A pang in his gut heralded the awakening of a terrible hunger, but he had no food and no prospects of finding any.
The door to the front room creaked open, and he stepped inside.
A black man sat behind an overturned crate, shuffling cards for two other men. A few coins lay on the old wood. The card players glared at Cam as he entered. The dealer sneered.
“What you want? What business you got in here?”
“The window,” Cam said. “Just came to use the window, s’all.”
His voice sounded strange, his speech rhythm unfamiliar. Now, after hearing it aloud, he noticed his thoughts changing as well. The idea of killing the three men for their money flashed through his mind, and he rejected it only because the odds were against him. He resisted the violent images swirling in his brain and forced himself to look out the window.
Twilight draped the city. The lay of the streets seemed vaguely familiar, and he recognized a few scattered shapes. The name came of its own accord, and his lips mouthed the words: Five Points. The neighborhood had been called that more than a century ago. He spotted a woman walking toward a store across the dirt-paved street, and he shuddered at the first terrible impulse his now alien thoughts produced. He ignored it, searching for the landmark, the meeting of streets, the five corners where more murders had been committed than any other place in the city. Decades before Cam had lived, this had been the source of evil in New York City, a pit where robbers and killers dwelled, prostitutes thrived, and human refuse wasted away out of sight of civilized eyes. And this building, he realized, must be the infamous Old Brewery, the five-story, nearly windowless tenement that had served as home and hiding place to the blackest souls in Manhattan.
“You jack covey,” one of the card players said. “You cheating, lying sam!”
“Who are you to call anyone a cheater? You lost fair and square with the Devil books, now hand over your balsam before I cut it out of you!” said the dealer.
Cam watched them face-off, each man fondling an unseen weapon beneath his jersey.
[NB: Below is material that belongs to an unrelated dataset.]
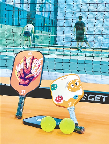 在另一片场地上,新球友李先生经教练讲解规则和技巧后,快速上手,与伙伴激烈切磋。作为羽毛球、网球爱好者,李先生学起匹克球来事半功倍。“它很有趣,既有网球的策略,又有羽毛球的灵巧,对体力和技巧的要求比较均衡,不容易受伤,社交属性也很强。”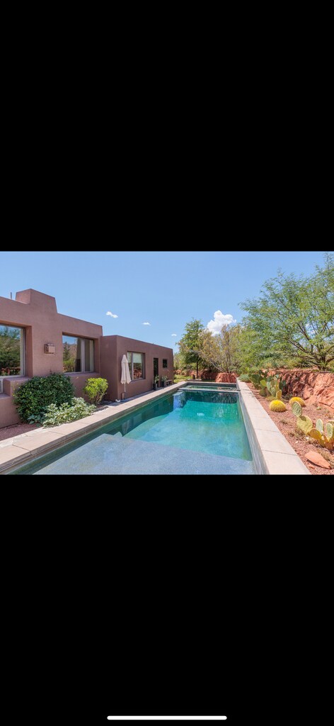 This beautifully-situated, 2514 square foot home, built in 2004 and located on a .44 acre lot, has beautiful views of towering red cliffs as well as the resort-like swimming pool. The home features concrete stained floors throughout. Solid core wood doors, 12 foot ceilings, and an open floor plan throughout, ensure plenty of natural light and plenty of spaces for entertaining both indoors and out. There's a very large dining island and built-in cabinetry. High ceilings, wide hallways and an emphasis on privacy and seclusion from inside the home. Outside, there are also two separate courtyards in addition to the expansive backyard. The cultural, dining and retail offerings of the nearby Kayenta Art Village make this the perfect home for your desert sanctuary.

The third man threw open the door and fled into the hallway. Cam wanted to follow, but the two opponents blocked his path.
“What are you gaping at, crusher?” one said.
Acting on gut feeling Cam leapt forward pushing one of the men down and smashing his elbow into the other’s jaw. He dashed into the hallway, running as hard as his empty, cramping stomach and weary body allowed. His belly grumbled as he passed the rotting odor again and his mouth began to salivate, and he realized in repulsion what foul meat waited on the other side. This time he feared he really would vomit, though there was nothing inside him to bring up.
He ran blindly through a dim maze of filthy corridors and squalid rooms where the detritus of mankind lived like insects. He was desperate for an exit but could find none. Still he pressed on, fleeing the voices of pain and misery, the smells of sickness and disease, the sight of open wounds and warped lust. He raced down narrow hallways clogged with people camped along the walls and passed through rooms where groups huddled around the dead argued over their ruined belongings.
A woman glared at him, bare hate and craving mingled in her expression, but he saw only her withered eye and the terrible red disfigurement running from forehead to chin, the twin of the scar that marked Maia’s face.
Every turn he thought might take him closer to the outside world only led him deeper into the bowels of the building, until he collapsed against a door and gasped for breath. The card players caught up with him there, and though he knocked and pounded on the locked door behind him, his pleas for help went ignored. He turned to confront his assailants, ready to fight, but they were already upon him, stealing his blood with their knives, taking the only thing he still possessed: his life.
The pain sharpened.
Cam lay stunned on the hard surface while he caught his breath. A faint, red light filtered through his eyelids, and he opened them to see the passage to the men’s room directly overhead, the boards still in place where Hidalgo had left them. He had lost his flashlight, but in the dim fluorescence trickling down he examined the dirt around him, where he saw tracks and marks suggesting he had been dragged here from wherever he had fallen. The bones and bodies were gone, the trap door shut and lost again to blackness, and the rustling of the unseen shape silenced.
“Bennie?” Cam called out, but no reply came.
It would be foolish to venture back into the cellar with no light and no idea of where he was going or how he had made it back where he started. He wobbled to his feet and thrust upward, knocking loose the floorboards and pushing back the linoleum. The brightness dazzled him, but he welcomed the illumination and dragged himself out of the pit and onto the sticky floor above him. The bathroom was empty and Marty’s remains had been removed. It was still a ruin, but Cam could tell a period of time had passed by the tackiness of the spilled blood.
I’ve lost my mind, he thought. No. It’s real somehow. Bennie and I both saw the same vision when we touched the first skull. And something took him away, I’m certain. But how could I feel my own death twice?
Cam righted himself and readied to fight his way to the street.
Then the lights went out again.
Cam reached to his holster, but he had lost his gun somewhere below. He went for the reserve pistol at his lower back, felt the cold grip, and tore it loose. Someone nearby breathed heavily, taking in long, deep lungfuls of air.
“Who’s there?” said Cam.
“Jes’ me, crusher,” a voice said.
A flashlight clicked on, poised like the torch of a camp fire storyteller beneath the face of Bennie Hidalgo. Cam barely recognized him for the shadows across his features and the animalistic sneer that distorted his expression.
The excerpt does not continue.